Last week, the otherwise stagnant waters of Czech politics were disturbed by an event which would hardly be regarded as political in most other places. Jan Ruml, chairman of the renegade Freedom Union party, was not admitted to Plzen University's Law School, though he fared relatively well at the entrance exams. The Czech media gave the whole event unusually wide coverage, and the reactions of the general public ranged from mild astonishment to open contempt. "Stupid Jack," as Ruml is now regularly referred to, has become an object of countless jokes, and Czechs speculate wildly on his failure and its likely causes.

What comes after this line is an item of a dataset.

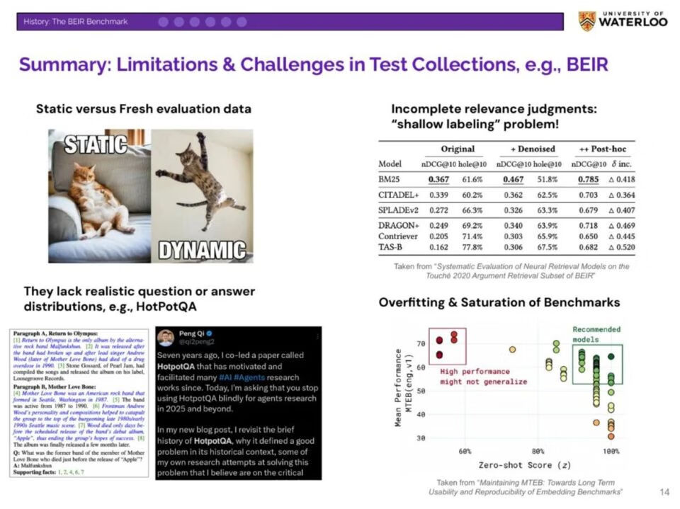 Thakur 则颠覆了传统的评估体系。他认为,像 BEIR 这类为传统搜索引擎设计的基准,其目标是「找到排名第一的正确答案」,这与 RAG 的目标不符。

Should Jan Ruml be embarrassed? Well, given the toughness of the competition and the fact that most other applicants were thirty years his junior and had just finished secondary school, he should have every reason to be proud of himself. However, this is not what counts in the eye of the Czech common man or Ruml's political colleagues. Ruml has become a man who compromised himself by showing a weakness, who gave himself away, who showed that he did not know how to do things, or, as a pertinent Czech phrase goes, "ze si to neumi zaridit."

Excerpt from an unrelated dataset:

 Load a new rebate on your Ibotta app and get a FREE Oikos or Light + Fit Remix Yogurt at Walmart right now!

A few weeks ago, another telling event took place on the outskirts of Prague. Jan Koukal, former mayor of the city and a high-ranking figure of Vaclav Klaus's Civic Democratic Party (ODS), was arrested by the police for drunk driving. The two policemen who carried out the arrest later said that Koukal treated them with unusual arrogance, ordering them to call the police president immediately, and when they refused to do so, he started to shout and threaten them.

Although the routine breathalyser test on alcohol was clearly positive, the analysis of Koukal's blood carried out later that day showed that ex-mayor's blood was clear, without any trace of alcohol in it. And this was the end of the story. Koukal got back his driving license, the media had no scandal, and the only thing left to speculation was the fate of the two policemen who had the guts to arrest a drunken politician. Koukal proved himself a man who knows how to do things, and the public surely did not fail to notice.

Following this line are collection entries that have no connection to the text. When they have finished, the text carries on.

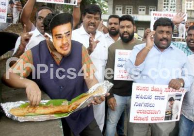 Photo Caption : Members of Bengaluru City Youth Congress protesting against BJP MP Tejasvi Surya with Masala Dosa for not responding to rain water floods, in Bengaluru on Saturday 10th September 2022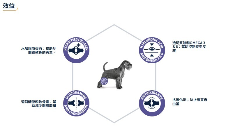 是一種用於狗的完整均衡的營養產品,旨在幫助康復並在患有關節疾病的狗在醫療中提供營養支持。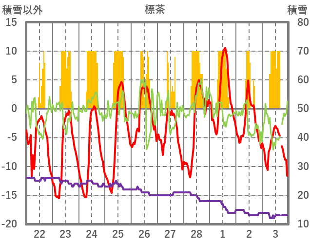 | 日 | 時 | 気温 | 降水 | 風向/風速 | 日照 | 積雪 | 降雪 |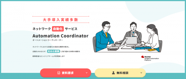 ネットワーク自動化を推進するには、技術だけにとどまらず、業務プロセスの見直しや組織文化の醸成など、様々な要素が必要となります。ネットワーク自動化を実現する上で必要となる様々な要素をコーディネートし、時には私達にお任せ頂き、時にはお客様に伴走するーーこういったわたしたちの姿勢を表現するため、「Automation Coordinator」という名前に改称いたしました。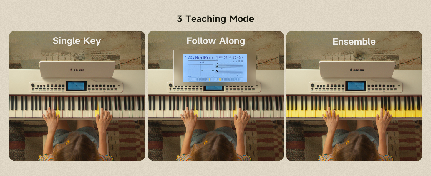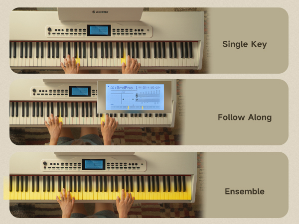 3 TEACHING MODES: The teaching mode of DDP-95 digital piano supports separate practice for left and right hands, guiding learners progressively through techniques. Suitable for all levels, enhancing skills and enjoying music learning

The practice of special treatment for public figures by the authorities has a long tradition in this country. Under Communism, members of the nomenklatura were seldom exposed to the public embarrassment of court hearings or, for that matter, entrance examinations. The Party watched over their lives, granting them the coveted status of "men-above-the-law."

For a short time after 1989, it seemed that the preferential treatment of the political class in this country would become history. However, with the arrival in 1992 of Klaus's "realistic" post-Communist politics and a crushing defeat of Pithart and Havel's "idealistic" flank of the former Civic Forum, the phenomenon was back again in its former glory. From the psychological point of view, it is very understandable and universal: it takes a long time to become a politician, and after all that effort, the political newcomer finds his daily life unrewarding, painfully devoid of status symbols of any kind. Every little privilege helps, from the right to free travel on the public transport system (which the beneficiary usually never uses), to virtually free meals at the Parliament's canteen, to the generous immunity of Czech deputies and senators covering everything from speeding tickets to murder.

Besides the official perks and privileges, there are unofficial ones, and Koukal's miraculous sobering up was obviously of the latter kind. Policing has been traditionally connected and intertwined with politics in this country, and several years ago, when the ODS reigned supreme, the party even attempted to make the municipal (especially the metropolitan) police corps a sort of party militia, with police officers adding glamour to party officials by serving them as unofficial bodyguards.

Another visible symbol of this silent arrangement is the fancy number plates which grant their owners preferential treatment by road patrols: all policemen know that an owner of a special type of number plate is a person on very good terms with the police (a politician, an influential businessmen or, as the case may be, a local Mafia boss), and they will seldom stop a car bearing a plate, say, AHV 00-01.

One of the rare opportunities when a common Czech can meet the Man-Above-the-Law of the 1990s in flesh and blood is in the jammed streets of Czech cities. Politicians have small blue beacon lights attached to the roofs of their cars, which give them the right of way. It is widely known that not all beacon-holders are duly authorised by the Interior Ministry as they should be, and the design of the side-mounted beacons contradicts the regulations: they either ought to be twin, placed symmetrically, or one along the centre line. Moreover, the lights have no power when used without an acoustic siren, and these cars either do not have a siren installed or choose not to use it. However, Czech drivers know better than put up a fight with the privileged ones over a few technicalities, and the police keep their eyes shut.

Thus, here comes a piece of useful advice for you, dear Western reader: if you happen to come across a car with a small blue beacon driving recklessly though the traffic, give way as quickly as you can. If you should let that car crash into yours (or, God forbid, the other way around), one thing is certain: the police investigating the accident would be all but an impartial judge. This is how things are in the Czech Republic, and those who try to change it, in the streets or on the university campus, are scorned and treated like fools.